Problem to work on:
Please write out exactly the lines from the one with "Posterlounge   Wandbilder" through the end of the data below, both ends included, and omit any pictures.

Data entries:
((

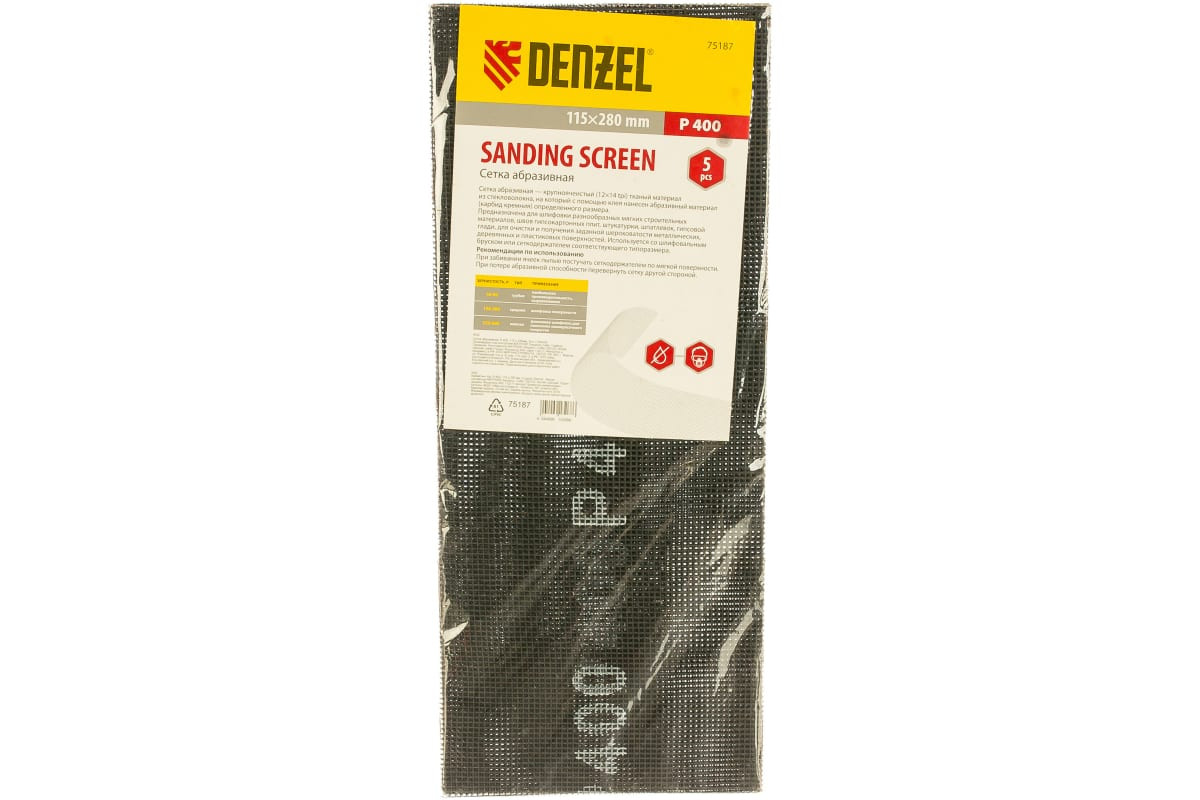 Абразивная сетка Denzel 75187, 115 х 280 мм, с зернистостью P 400, 5 шт. в упаковке, применяется для финишной обработки и придания гладкости зашпаклеванным поверхностям, а также твердой древесине и металлу. Она бережно снимает тонкий слой материала и лакокрасочного покрытия, удаляет ржавчину и заусенцы, сглаживает неровности. Абразивный слой обладает высоким ресурсом, т.к. зерна карбида кремния стачиваются медленно. Сетку устанавливают на ручные шлифовальные приспособления — бруски и сеткодержатели соответствующего типоразмера.
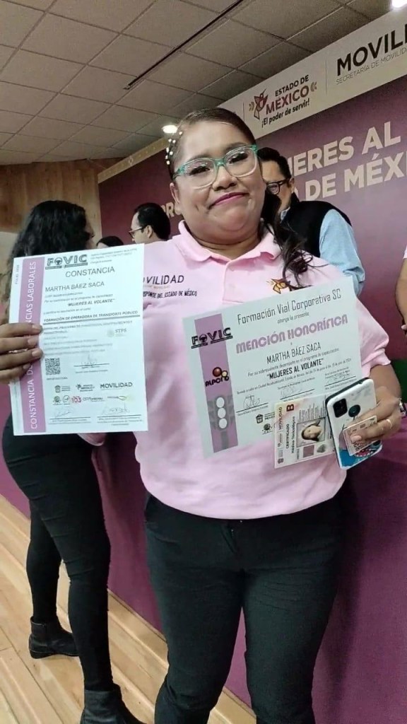 El Gobierno de la Maestra Delfina Gómez Álvarez, a través de la Secretaría de Movilidad, entregó reconocimientos y constancias a las primeras 34 mujeres inscritas en el programa “Mujeres al Volante” que culminaron su capacitación como operadoras de transporte público.
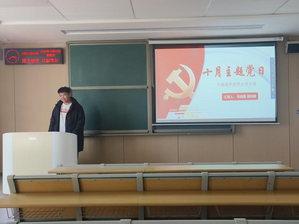 本网讯(通讯员 邓钰朗)2025年10月24日下午15:30太阳集团122cc员工党支部在教学楼C-322开展十月主题党日。此次活动主题为以只争朝夕、永不懈怠的奋斗精神,奋力谱写中国式现代化更加绚丽的篇章!此次活动由张前程同志和邓钰朗同志共同主持。
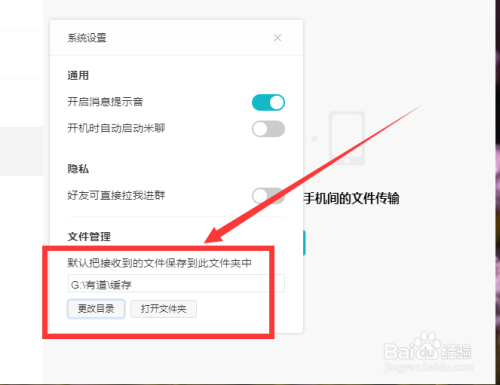 进入系统设置,找到文件办理,点击更改目次。
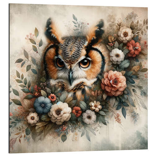Posterlounge   Wandbilder   Digitale Kunst   Michael artefacti   Magnettafel Florale Laune: Der ruhige Blick der Eule
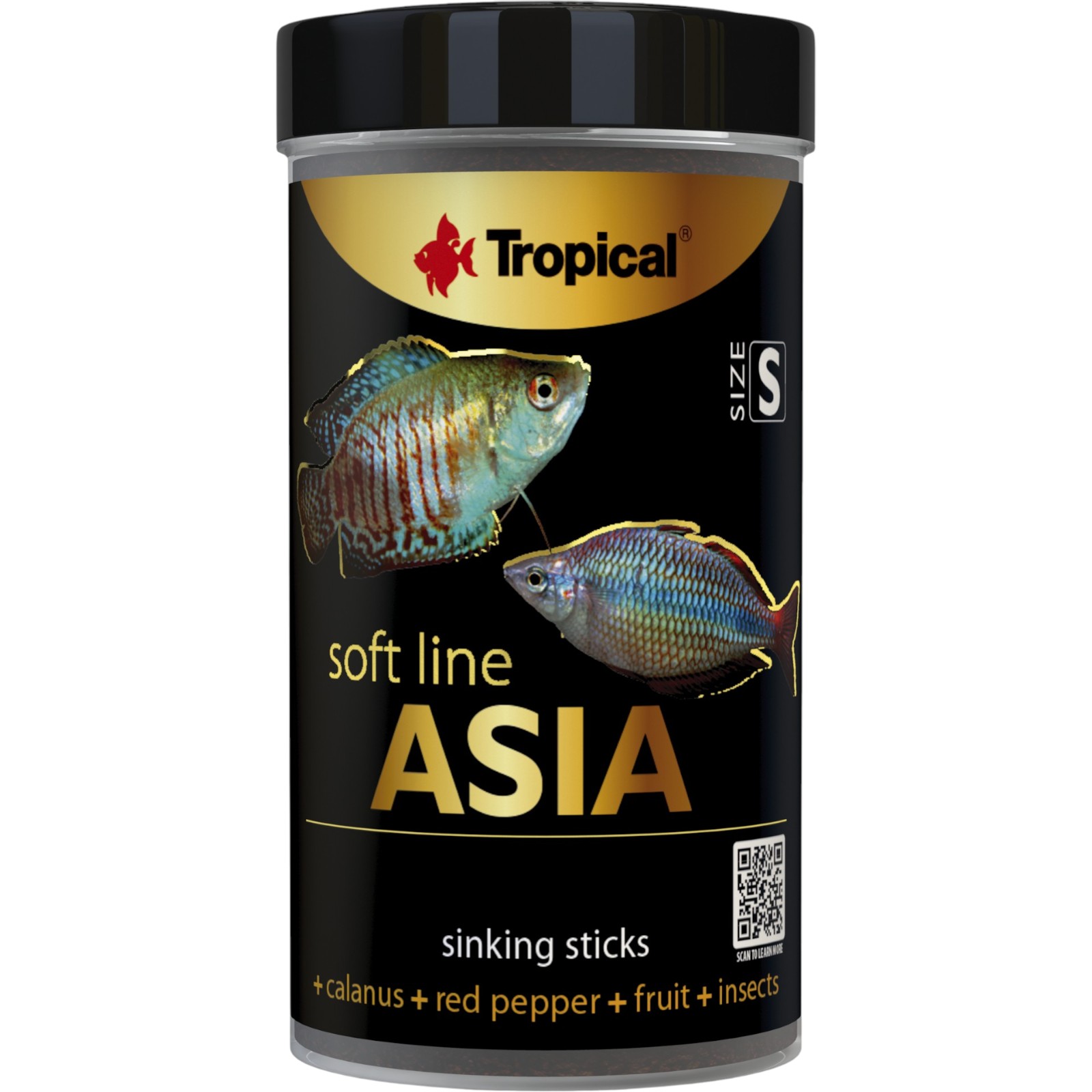 Soft Line Asia S to miękki, tonący pokarm dla wszystkożernych i mięsożernych ryb z Azji. W skład pałeczek wchodzą śledzie, których białko ma doskonały profil aminokwasowy, skorupiaki bogate w nienasycone kwasy tłuszczowe i chitynę, kilka gatunków alg oraz larwy owadów Hermetia illucens dostarczające dużej dawki energii. Ponadto miękkie granulaty Linii Soft zwiększają odporność ryb dzięki takim składnikom jak naturalny immunostymulator – beta-glukan, czosnek, prebiotyki z alg i witamina C. W skład pokarmów Linii Soft wchodzi również ciekawy skorupiak planktonowy kalanus (Calanus finmarchicus). Jest on źródłem astaksantyny, białka bogatego w aminokwasy egzogenne oraz nienasyconych kwasów tłuszczowych, w tym omega-3. Pokarmy Linii Soft dzięki miękkiej teksturze i bogactwu użytych składników pozwalają żywić ryby w sposób bliski naturalnemu, jednocześnie zapewniając akwaryście komfort karmienia. Miękki pokarm w formie tonących pałeczek dla wszystkożernych i mięsożernych ryb z Azji, w skład którego wchodzą śledzie i owady, będące źródłem wysokiej jakości białka oraz kwasów tłuszczowych omega-3, omega-6 i omega-9 intensyfikuje barwy ryb dzięki wysokiej zawartości karotenoidów ze skorupiaków (w tym kalanusa) i z czerwonej papryki oraz dodatkowi astaksantyny wysoka dawka beta-glukanu wzmacnia odporność ryb wyjątkowa smakowitość pokarmu zachęca ryby do żerowania.

))

Solution to this task:
Posterlounge   Wandbilder   Digitale Kunst   Michael artefacti   Magnettafel Florale Laune: Der ruhige Blick der Eule
 Soft Line Asia S to miękki, tonący pokarm dla wszystkożernych i mięsożernych ryb z Azji. W skład pałeczek wchodzą śledzie, których białko ma doskonały profil aminokwasowy, skorupiaki bogate w nienasycone kwasy tłuszczowe i chitynę, kilka gatunków alg oraz larwy owadów Hermetia illucens dostarczające dużej dawki energii. Ponadto miękkie granulaty Linii Soft zwiększają odporność ryb dzięki takim składnikom jak naturalny immunostymulator – beta-glukan, czosnek, prebiotyki z alg i witamina C. W skład pokarmów Linii Soft wchodzi również ciekawy skorupiak planktonowy kalanus (Calanus finmarchicus). Jest on źródłem astaksantyny, białka bogatego w aminokwasy egzogenne oraz nienasyconych kwasów tłuszczowych, w tym omega-3. Pokarmy Linii Soft dzięki miękkiej teksturze i bogactwu użytych składników pozwalają żywić ryby w sposób bliski naturalnemu, jednocześnie zapewniając akwaryście komfort karmienia. Miękki pokarm w formie tonących pałeczek dla wszystkożernych i mięsożernych ryb z Azji, w skład którego wchodzą śledzie i owady, będące źródłem wysokiej jakości białka oraz kwasów tłuszczowych omega-3, omega-6 i omega-9 intensyfikuje barwy ryb dzięki wysokiej zawartości karotenoidów ze skorupiaków (w tym kalanusa) i z czerwonej papryki oraz dodatkowi astaksantyny wysoka dawka beta-glukanu wzmacnia odporność ryb wyjątkowa smakowitość pokarmu zachęca ryby do żerowania.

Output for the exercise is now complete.